[Intel-xe] [PATCH v2 5/6] drm/xe/buddy: add visible tracking

Mon Mar 20 14:26:10 UTC 2023


On 3/20/23 3:03 PM, Matthew Auld wrote:
> On 20/03/2023 12:08, Gwan-gyeong Mun wrote:
>>
>>
>> On 3/8/23 12:17 PM, Matthew Auld wrote:
>>> Replace the allocation code with the i915 version. This simplifies the
>>> code a little, and importantly we get the accounting at the mgr level,
>>> which is useful for debug (and maybe userspace), plus per resource
>>> tracking so we can easily check if a resource is using one or pages in
>>> the mappable part of vram (useful for eviction), or if the resource is
>>> completely within the mappable portion (useful for checking if the
>>> resource can be safely CPU mapped).
>>>
>>> Signed-off-by: Matthew Auld <matthew.auld at intel.com>
>>> Cc: Maarten Lankhorst <maarten.lankhorst at linux.intel.com>
>>> Cc: Lucas De Marchi <lucas.demarchi at intel.com>
>>> ---
>>>   drivers/gpu/drm/xe/xe_ttm_stolen_mgr.c     |  18 +-
>>>   drivers/gpu/drm/xe/xe_ttm_vram_mgr.c       | 201 ++++++++++-----------
>>>   drivers/gpu/drm/xe/xe_ttm_vram_mgr.h       |   3 +-
>>>   drivers/gpu/drm/xe/xe_ttm_vram_mgr_types.h |   6 +
>>>   4 files changed, 118 insertions(+), 110 deletions(-)
>>>
>>> diff --git a/drivers/gpu/drm/xe/xe_ttm_stolen_mgr.c 
>>> b/drivers/gpu/drm/xe/xe_ttm_stolen_mgr.c
>>> index e608b49072ba..35e6bc62766e 100644
>>> --- a/drivers/gpu/drm/xe/xe_ttm_stolen_mgr.c
>>> +++ b/drivers/gpu/drm/xe/xe_ttm_stolen_mgr.c
>>> @@ -158,7 +158,7 @@ void xe_ttm_stolen_mgr_init(struct xe_device *xe)
>>>   {
>>>       struct xe_ttm_stolen_mgr *mgr = drmm_kzalloc(&xe->drm, 
>>> sizeof(*mgr), GFP_KERNEL);
>>>       struct pci_dev *pdev = to_pci_dev(xe->drm.dev);
>>> -    u64 stolen_size, pgsize;
>>> +    u64 stolen_size, io_size, pgsize;
>>>       int err;
>>>       if (IS_DGFX(xe))
>>> @@ -177,7 +177,17 @@ void xe_ttm_stolen_mgr_init(struct xe_device *xe)

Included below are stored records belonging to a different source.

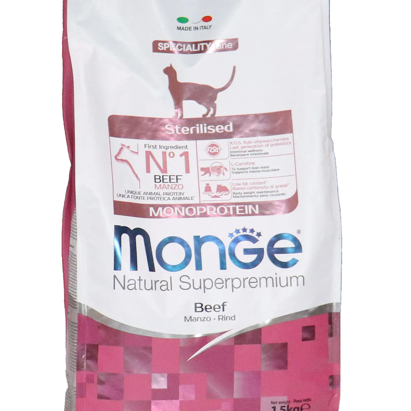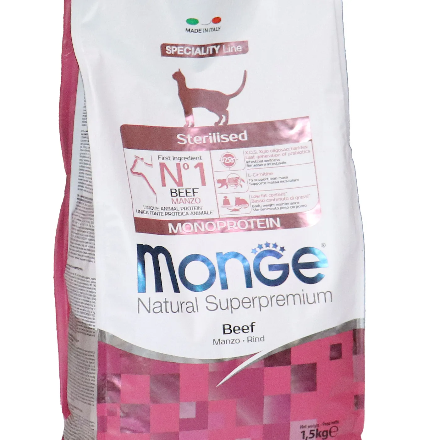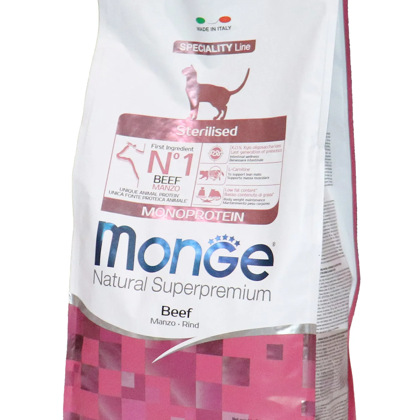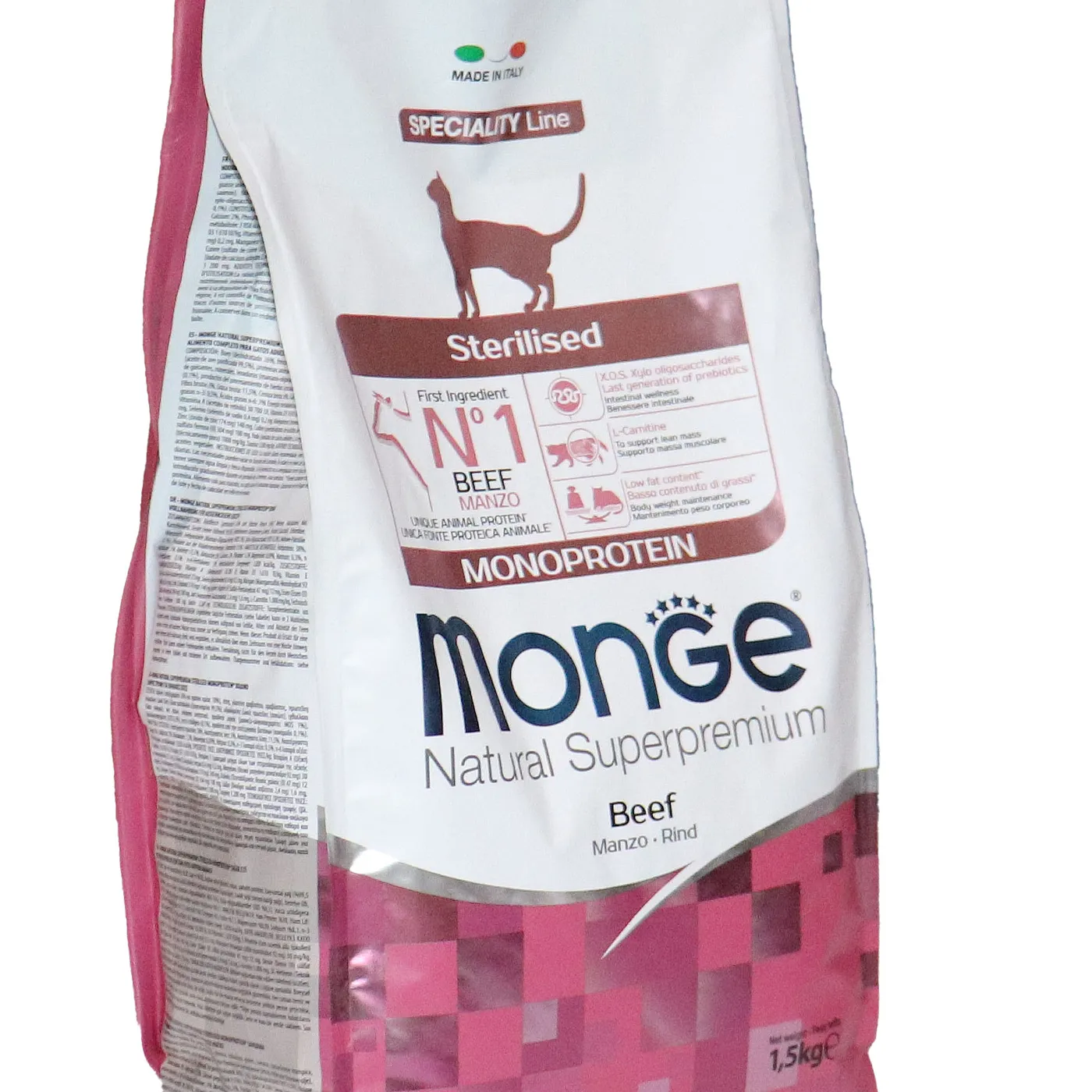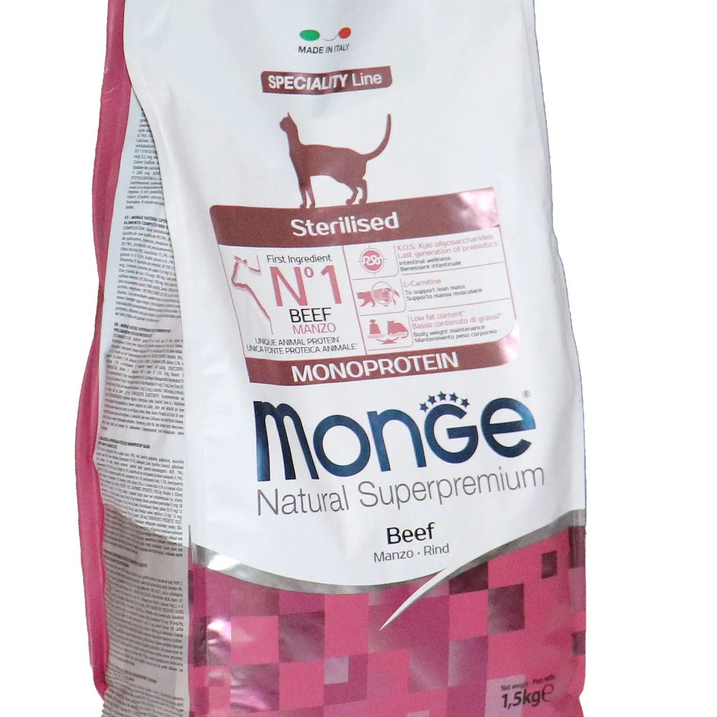 Сухой корм Monge Cat Speciality Line Monoprotein Sterilised — полнорационный рацион для стерилизованных кошек и кастрированных котов. Основной источник животного белка — говядина (дегидрированная 26%, свежая 10%). Формула содержит пониженное содержание жира (11,5%) и калорий (3858 ккал/кг), что способствует поддержанию веса. В состав включены пребиотики MOS и XOS для поддержания баланса кишечной микрофлоры, а также L-карнитин и таурин. Корм обогащён витамином E и селеном в качестве антиоксидантов. Не содержит ГМО, искусственных красителей и ароматизаторов.
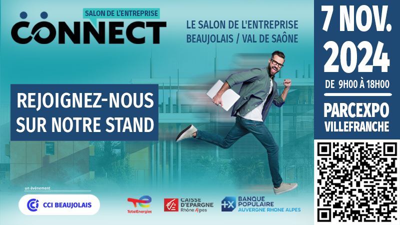 Le jeudi 07 novembre prochain entre 9h et 18h se tiendra le salon de l’entreprise Connect au Parcexpo de Villefranche.
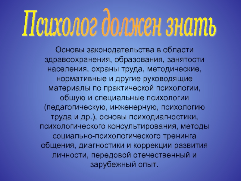 труда, методические, нормативные и другие руководящие материалы по практической психологии, общую и специальные психологии (педагогическую, инженерную, психологию труда и др.), основы психодиагностики, психологического консультирования, методы социально-психологического тренинга общения, диагностики и коррекции развития личности, передовой отечественный и зарубежный опыт.
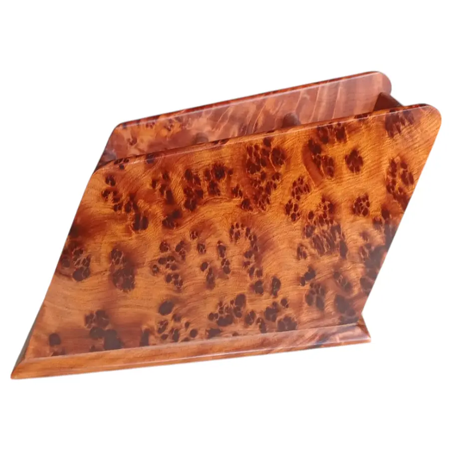 Chaque pièce est unique : Sculptée dans de la véritable loupe de thuya, chaque création présente des motifs, veinages et teintes naturellement variés, faisant de chaque support un objet d'art unique.
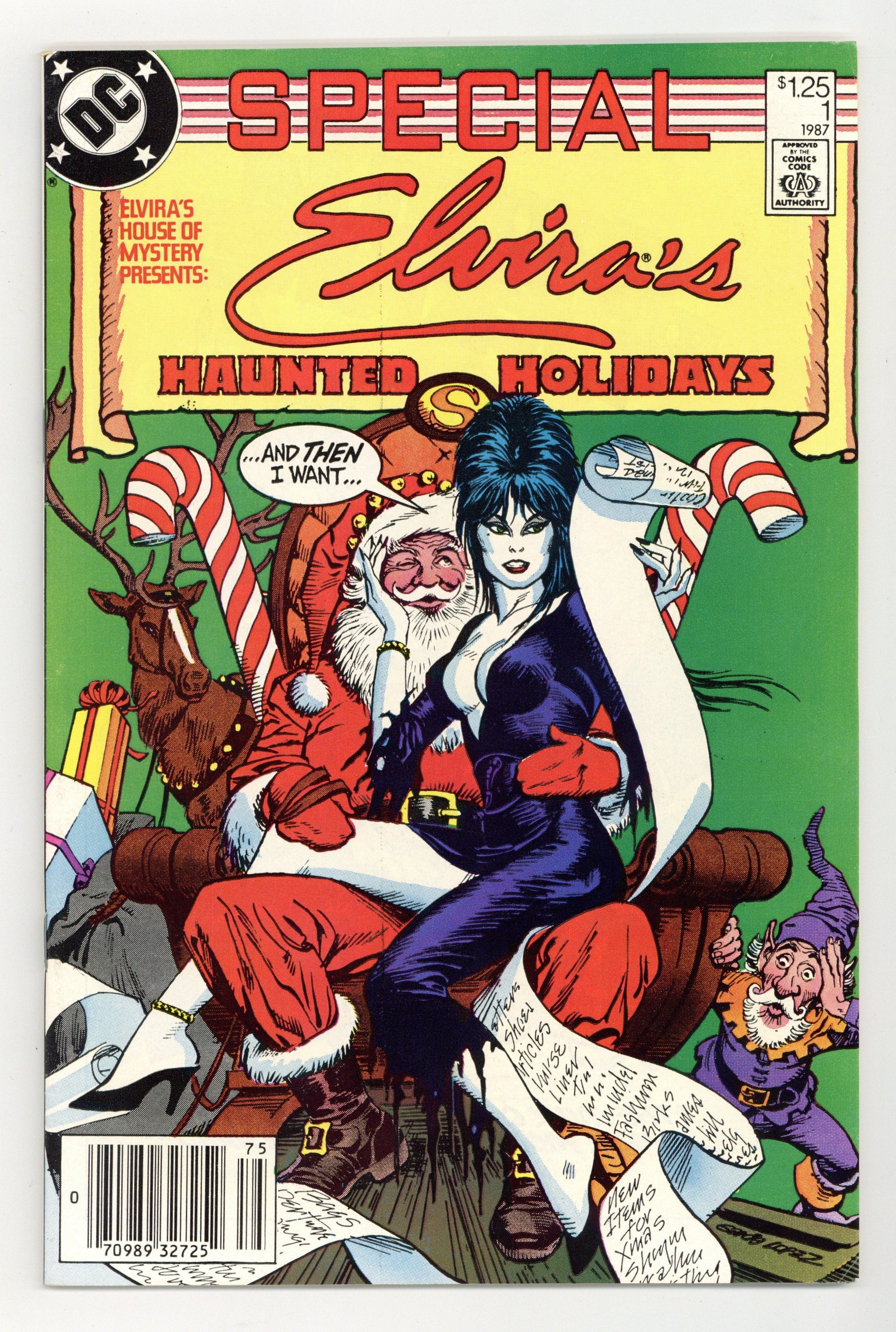 $23.00Elvira's Haunted Holidays. Cover by José Luis García-López. Written by Joey Cavalieri, Michael Fleisher, Barbara Randall and Ed Hannigan. Art by Frank Springer, Jack Sparling, Stephen DeStefano, Craig Boldman and Ed Hannigan. Boo! Did we scare you? No? Well, we'll do a lot better with this holiday treasury of terror, introduced by everybody's favorite hostess of horror, Elvira! Featuring: Elvira, Cain, Abel and Destiny in "Elvira's Christmas Carol" by Joey Cavalieri and Frank Springer; Santa Claus in "Oh, What Fun to Laugh and Sing a Slaying Song Tonight!" by Michael Fleisher and Jack Sparling; "O, Christmas Tree..." by Barbara Randall, Stephen DeStefano and Craig Boldman; and "'Twas the Night before X-Mas..." by Ed Hannigan. Plus: Elvira pin-up by Paul Gulacy. 48 pages, full color. Cover price $1.25.
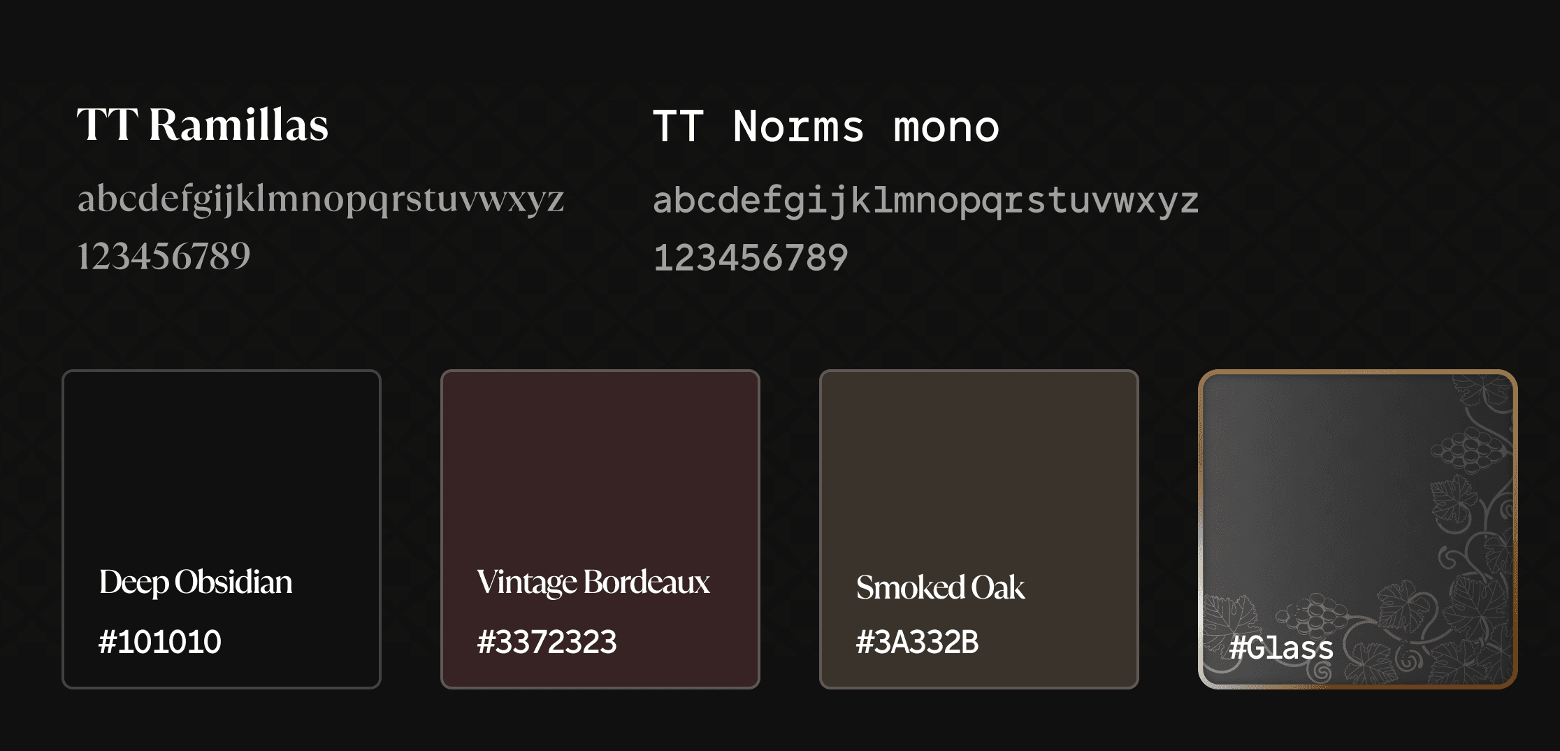 La Dualité Chromatique : Le système repose sur un contraste entre le 'Deep Burgundy' (hommage aux terroirs) et le 'Liquid Gold' (symbole de la valeur et des spiritueux premium). Cette palette est soutenue par un noir 'Obsidian' profond qui ancre la marque dans l'univers du luxe ultra-confidentiel.

>>>       if (pgsize < PAGE_SIZE)
>>>           pgsize = PAGE_SIZE;
>>> -    err = __xe_ttm_vram_mgr_init(xe, &mgr->base, XE_PL_STOLEN, 
>>> stolen_size, pgsize);
>>> +    /*
>>> +     * We don't try to attempt partial visible support for stolen vram,
>>> +     * since stolen is always at the end of vram, and the BAR size 
>>> is pretty
>>> +     * much always 256M, with small-bar.
>>> +     */
>>> +    io_size = 0;
>>> +    if (!xe_ttm_stolen_cpu_inaccessible(xe))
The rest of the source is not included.